Your response should consist of the entire listing, transcribed exactly, with every image left out.

Provided data:
§

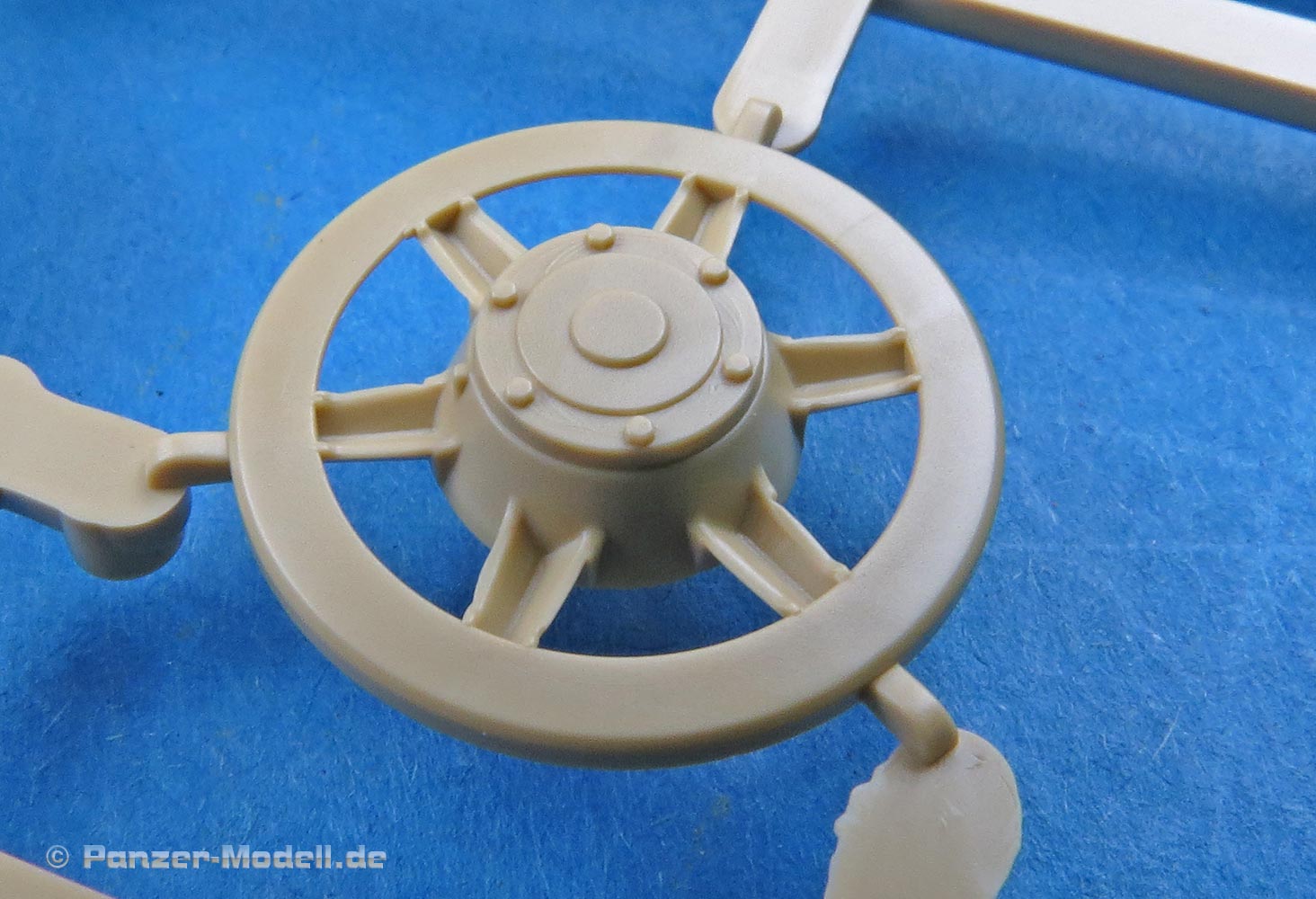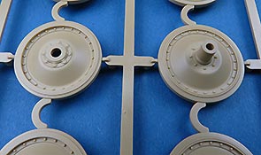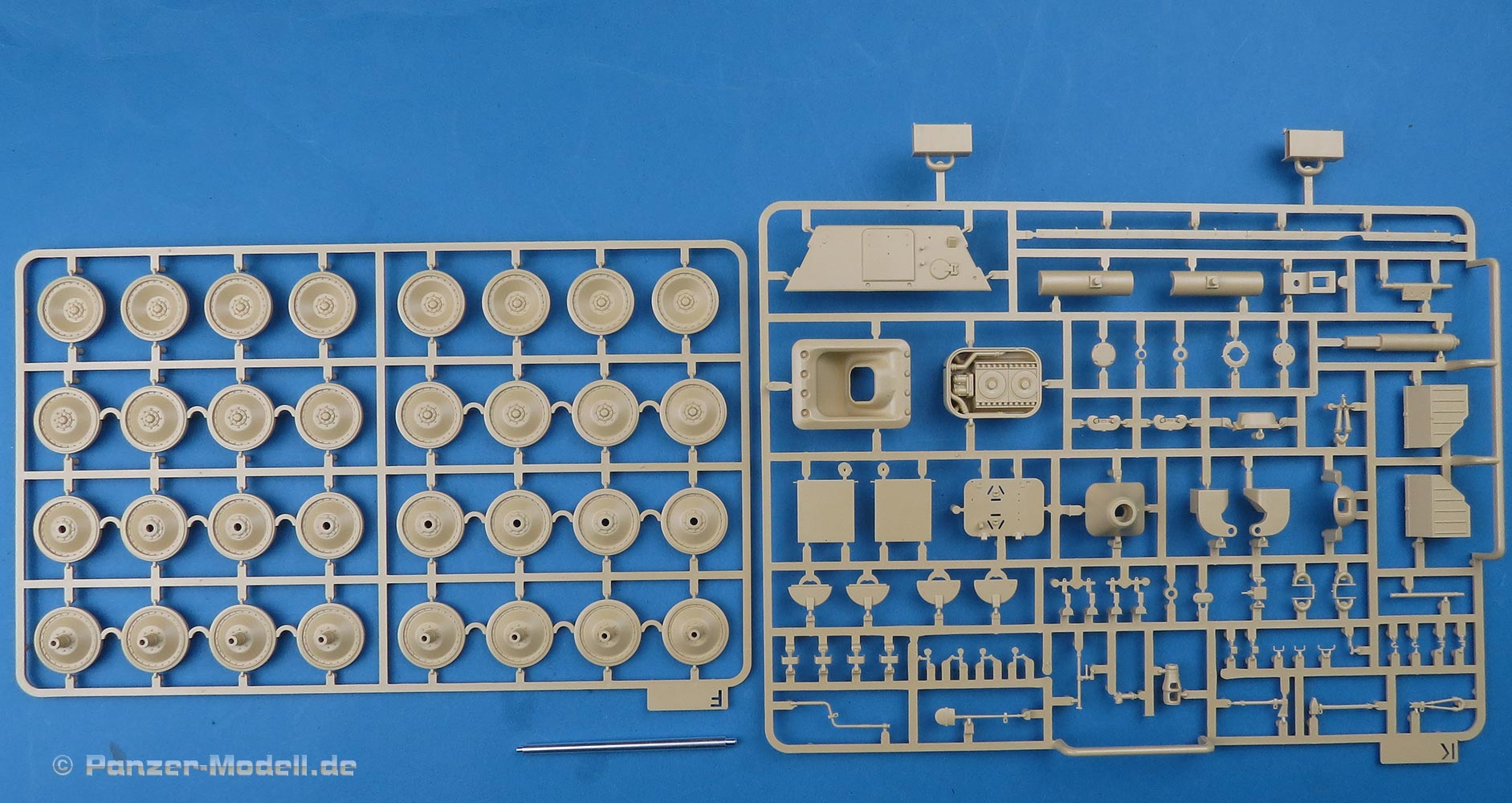 Die Unterwanne ist einteilig und hat die wichtigsten Details des Laufwerks bereits mit angespritzt. Die Laufrollen kommen in den inneren Reihen als zusammenhängende Spritzguss Teile, die dadurch mit wenigen Angüssen auskommen und mit einem Rutsch auf dem Laufwerk sind. Hier spart man eine Menge Zeit und man kommt gleich zu Anfang schnell voran, was gut für die Motivation ist. Die Details der Laufrollen können sich absolut sehen lassen, schöne, scharfe Details und Ausformung der Felgen und Gummierung. Sogar eine superfeine Beschriftung auf den Gummierungen ist zu finden!
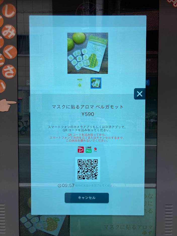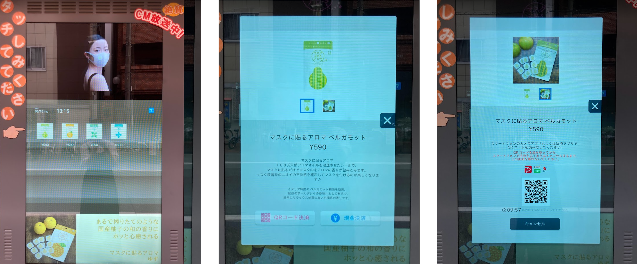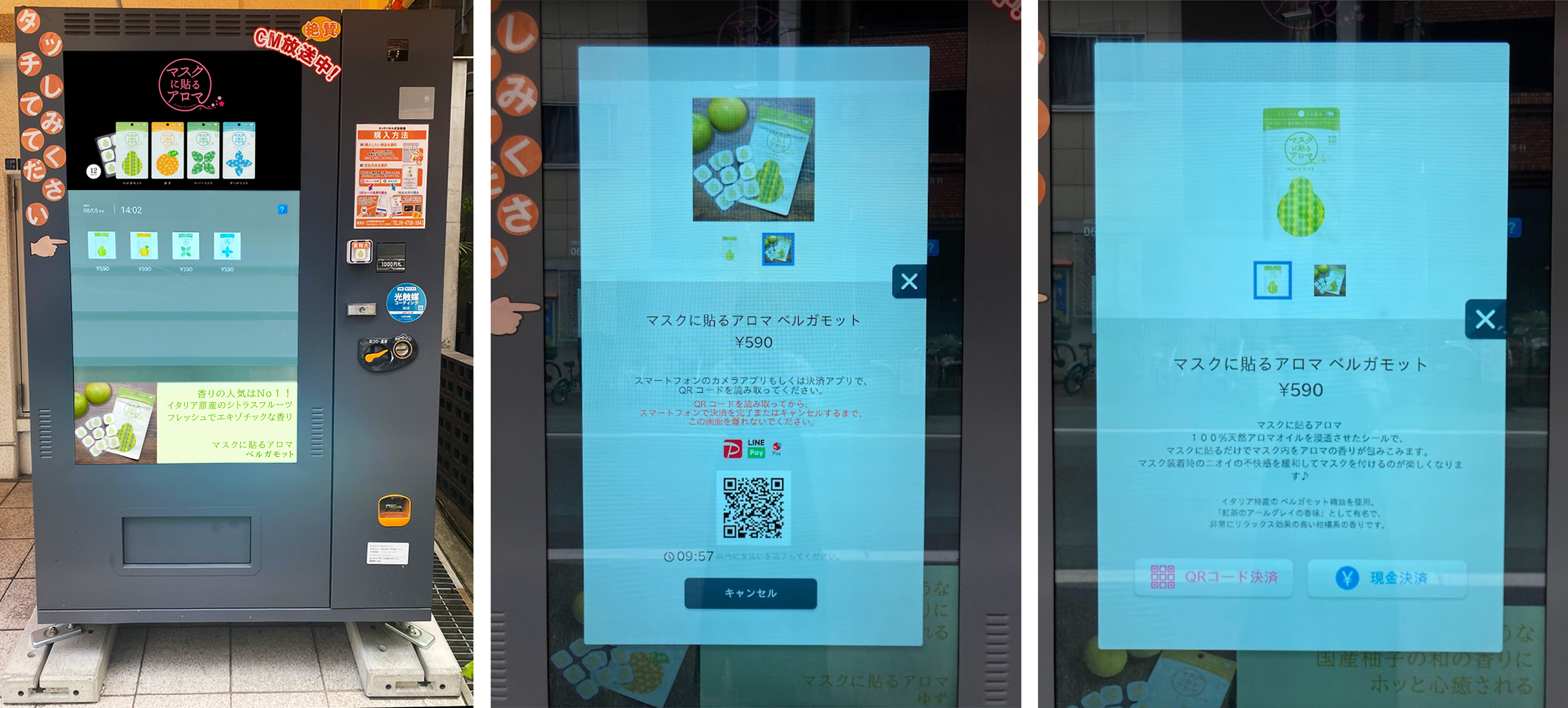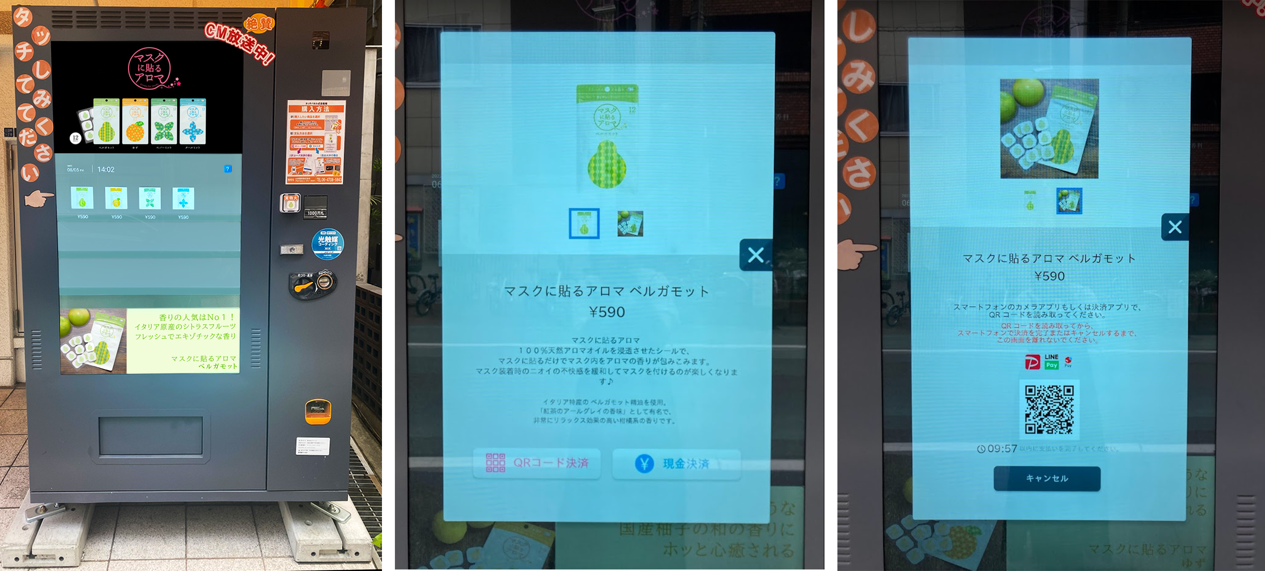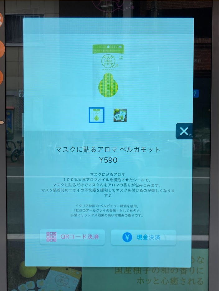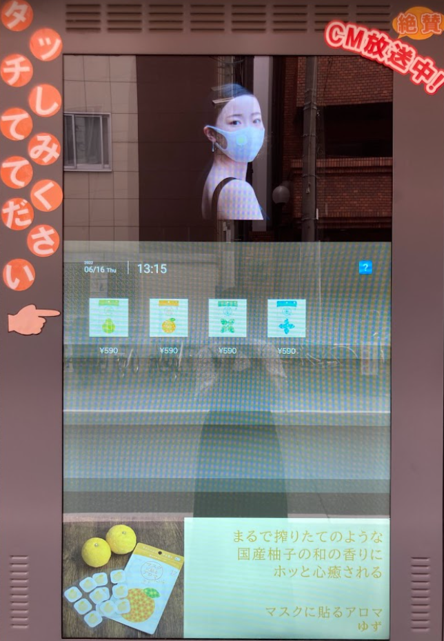 ABCテレビ・テレビ朝日系列 全国ネット「DAIGOも台所」ほか各所でCM放送中の「マスクに貼るアロマ」を手軽に購入できるタッチパネル式自動販売機が登場。
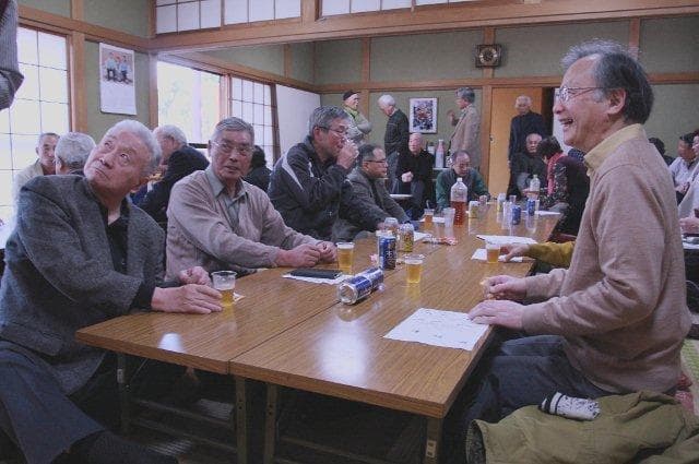 客席は街の寄席と違って、ちょっとおぼつかない人にはハラハラしながらより熱い声援が強まり、ベテランには「ほう、やるナ」と感動の拍手が沸く。そこには約半世紀をへだてた先輩と後輩のほのぼのとしたものが流れている。会場には終演後の合評会?反省会?用に一升瓶、つの樽、にごり酒、お菓子など種々の差し入れ品が景気よくずらりと並んでいる。落語が終わり小休止の後、学生さん達は和服を普段の服に替え、ほっとした表情で、先輩たちの待つ席にやって来る。自然といくつかのグループに分かれ、差し入れの品々を中に、噺を褒めたり、専攻は何?などの質問があったり、批評があったりの交流が小一時間ほど続き、午後4時過ぎのお開きとなった。
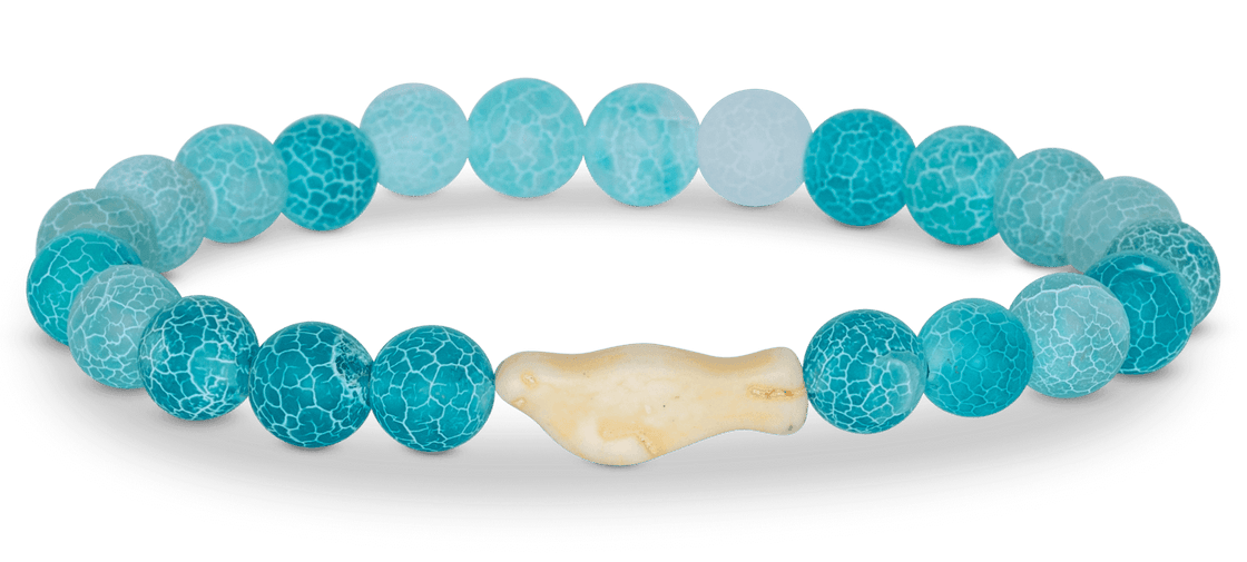 This stretch Fahlo bracelet in aqua blue with seal center detail comes with it's own real live seal to track!

§

Written answer:
 Die Unterwanne ist einteilig und hat die wichtigsten Details des Laufwerks bereits mit angespritzt. Die Laufrollen kommen in den inneren Reihen als zusammenhängende Spritzguss Teile, die dadurch mit wenigen Angüssen auskommen und mit einem Rutsch auf dem Laufwerk sind. Hier spart man eine Menge Zeit und man kommt gleich zu Anfang schnell voran, was gut für die Motivation ist. Die Details der Laufrollen können sich absolut sehen lassen, schöne, scharfe Details und Ausformung der Felgen und Gummierung. Sogar eine superfeine Beschriftung auf den Gummierungen ist zu finden!
 ABCテレビ・テレビ朝日系列 全国ネット「DAIGOも台所」ほか各所でCM放送中の「マスクに貼るアロマ」を手軽に購入できるタッチパネル式自動販売機が登場。
 客席は街の寄席と違って、ちょっとおぼつかない人にはハラハラしながらより熱い声援が強まり、ベテランには「ほう、やるナ」と感動の拍手が沸く。そこには約半世紀をへだてた先輩と後輩のほのぼのとしたものが流れている。会場には終演後の合評会?反省会?用に一升瓶、つの樽、にごり酒、お菓子など種々の差し入れ品が景気よくずらりと並んでいる。落語が終わり小休止の後、学生さん達は和服を普段の服に替え、ほっとした表情で、先輩たちの待つ席にやって来る。自然といくつかのグループに分かれ、差し入れの品々を中に、噺を褒めたり、専攻は何?などの質問があったり、批評があったりの交流が小一時間ほど続き、午後4時過ぎのお開きとなった。
 This stretch Fahlo bracelet in aqua blue with seal center detail comes with it's own real live seal to track!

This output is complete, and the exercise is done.